# New Mitsubishi ASX, Great Service!!



## Tony Jones (Sep 15, 2016)

Just picked up my new ASX from Agostino Mitsubishi in Adelaide, Great Service from everyone involved. Looking forward to my new career with Uber, Regards Tony


----------



## UberLuxbod (Sep 2, 2014)

A brand new car for Uber?

And you are new to Uber?

You do realise your car will be worthless and worn out in three years?


----------



## steveK2016 (Jul 31, 2016)

UberLuxbod said:


> A brand new car for Uber?
> 
> And you are new to Uber?
> 
> You do realise your car will be worthless and worn out in three years?

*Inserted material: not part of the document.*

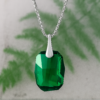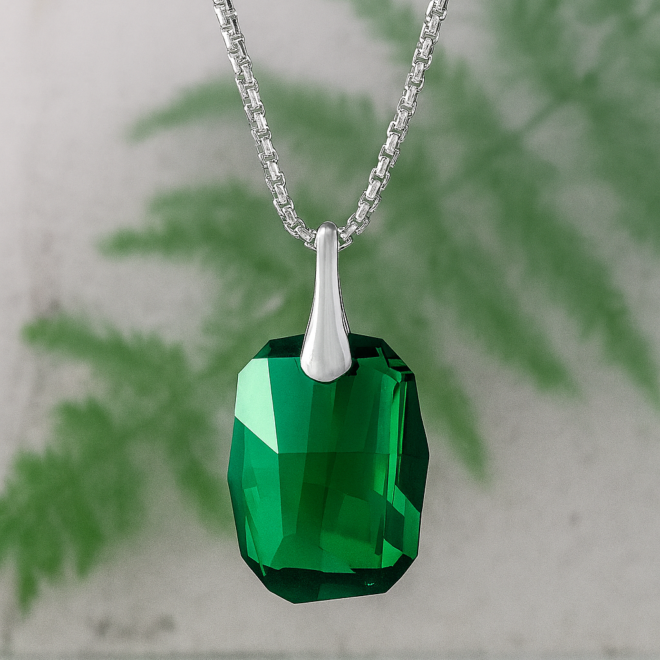 Émérion, la lumière pure. Un cristal émeraude suspendu à l’argent, pour une élégance minérale et essentielle.

At the very least, if you're going to buy a new car, make sure it qualifies for select!


----------



## Avago (Sep 15, 2015)

Tony Jones, I dudn't know that UberX had been approved in Adelaide.
A new car is good, but it won't earn you any more than a 5 year old Corolla, but of course, it'll last you longer, be more comfortable and most likely you'll be get better ratings.
I'm currently in a Suzuki SX4, (5 door hatch) and have registered my wife's Dualis for Uber, and I must admit the slightly extra size, like your ASX, is welcome...
Good on you for giving a call out for good service from Agistino Mitsubishi


----------